┌─ Material for the task
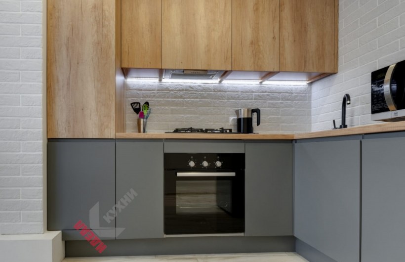 Серая кухня с белой столешницей
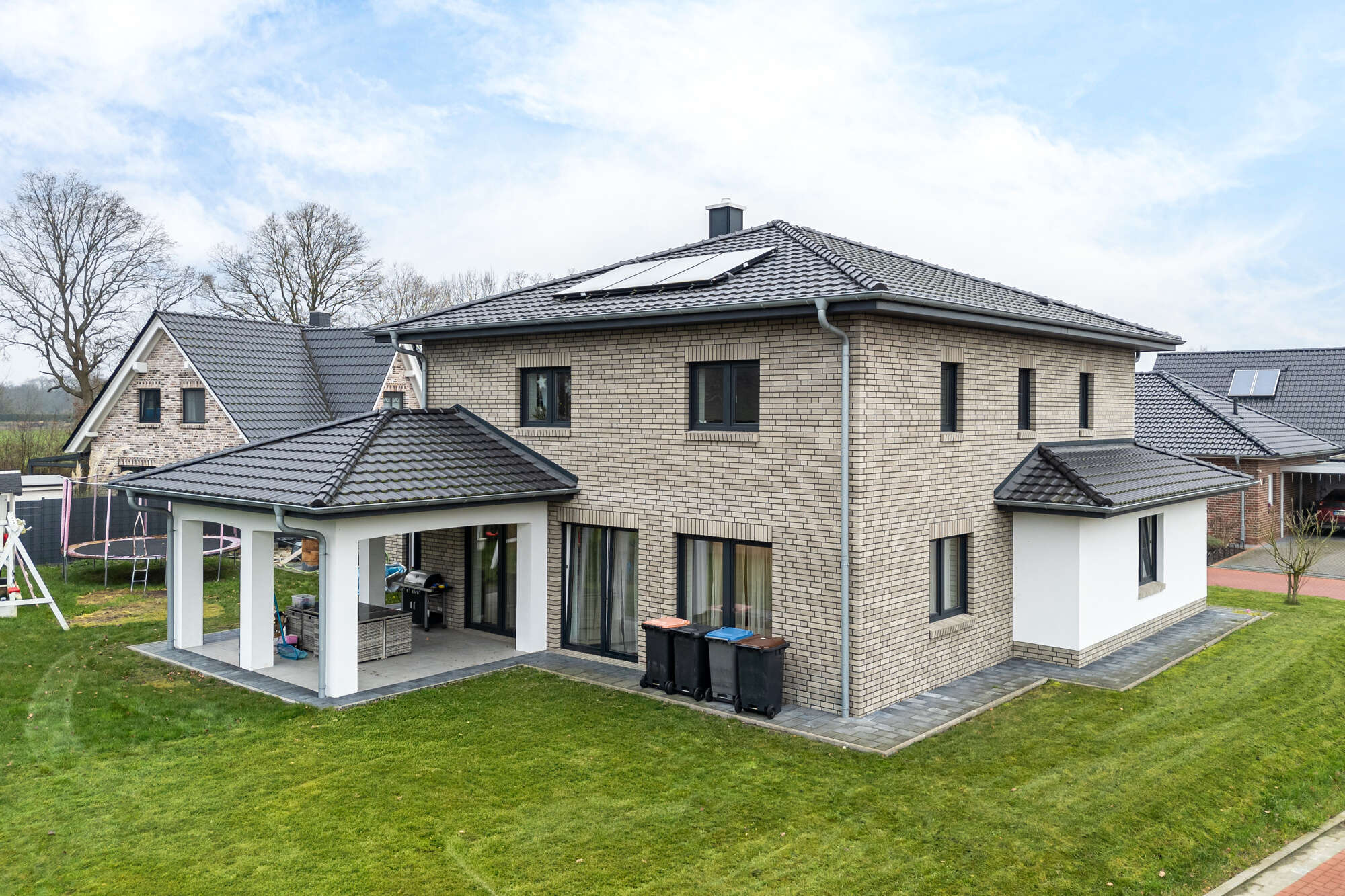 Der Außenbereich rundet das Angebot perfekt ab: Ein gepflegter Garten bietet viel Platz zum Spielen, Entspannen und für gemeinsame Familienzeit im Freien.
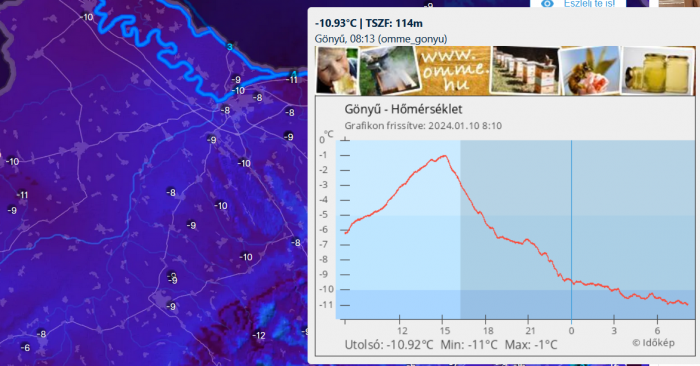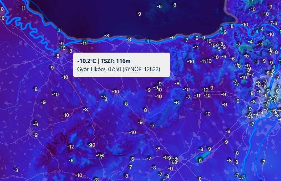 Kemény fagyok voltak az éjjel Győrben és környékén. Az Időkép legfrissebb hőtérképe szerint Likócson -10,2 fokra süllyedt a levegő hőmérséklete szerda hajnalban, de a város több pontján is mínusz 9 fokot mértek.
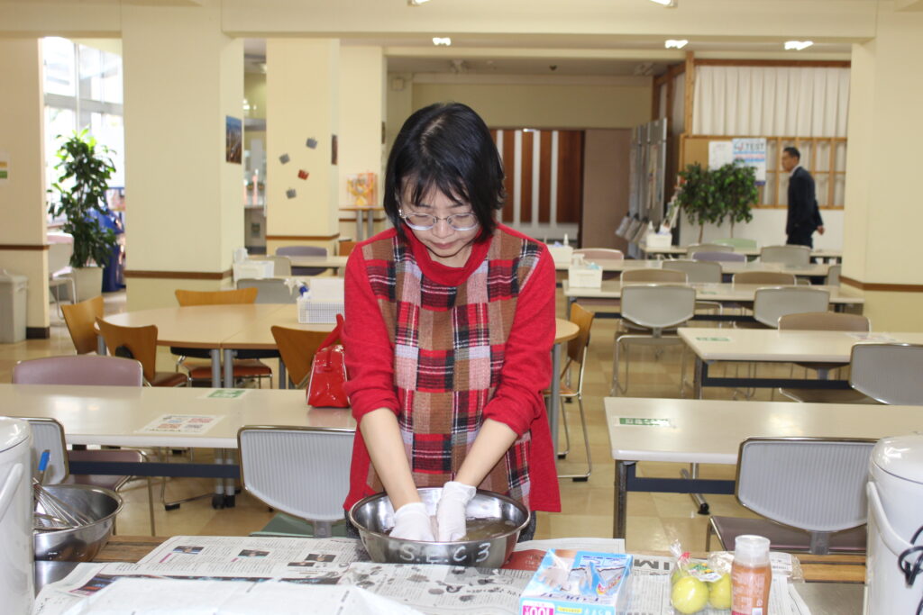 1人で黙々と作る台湾人留学生✨台湾では自分で作ることはなく、お店で食べるデザートだそうです。なので、この日のために練習してきたんだとか!
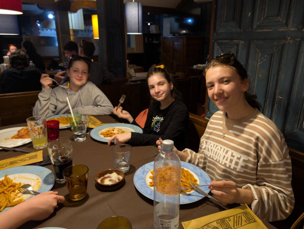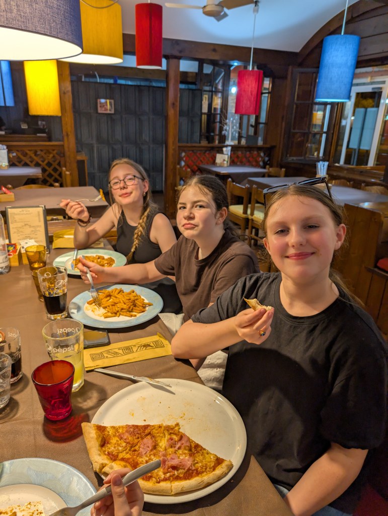 Přijeli jsme do Caorle, kde byla plánovaná večeře. Tu jsme zařídili dopředu, aby s námi restaurace počítala. Paní byla velmi milá, usadila nás dovnitř, aby na naše bambini nelítali mosquitos (čtěte s italským přízvukem, pozn. redakce) Po klasické italské večeři (pizza, těstoviny) dostaly děti nádhernou pochvalu od paní servírky za příkladné chování v restauraci a také poznámku, že skupiny dětí tam má často, ale žádná nebyla tak slušná a milá jako naše děti a bylo jí potěšením se o nás postarat.
└─
■ **Problem details**
Your reply should consist only of the lines running from the line with "Der Außenbereich rundet" to the end of the entries, both included, copied exactly and without any pictures.

■ **Solution for this exercise**
 Der Außenbereich rundet das Angebot perfekt ab: Ein gepflegter Garten bietet viel Platz zum Spielen, Entspannen und für gemeinsame Familienzeit im Freien.
 Kemény fagyok voltak az éjjel Győrben és környékén. Az Időkép legfrissebb hőtérképe szerint Likócson -10,2 fokra süllyedt a levegő hőmérséklete szerda hajnalban, de a város több pontján is mínusz 9 fokot mértek.
 1人で黙々と作る台湾人留学生✨台湾では自分で作ることはなく、お店で食べるデザートだそうです。なので、この日のために練習してきたんだとか!
 Přijeli jsme do Caorle, kde byla plánovaná večeře. Tu jsme zařídili dopředu, aby s námi restaurace počítala. Paní byla velmi milá, usadila nás dovnitř, aby na naše bambini nelítali mosquitos (čtěte s italským přízvukem, pozn. redakce) Po klasické italské večeři (pizza, těstoviny) dostaly děti nádhernou pochvalu od paní servírky za příkladné chování v restauraci a také poznámku, že skupiny dětí tam má často, ale žádná nebyla tak slušná a milá jako naše děti a bylo jí potěšením se o nás postarat.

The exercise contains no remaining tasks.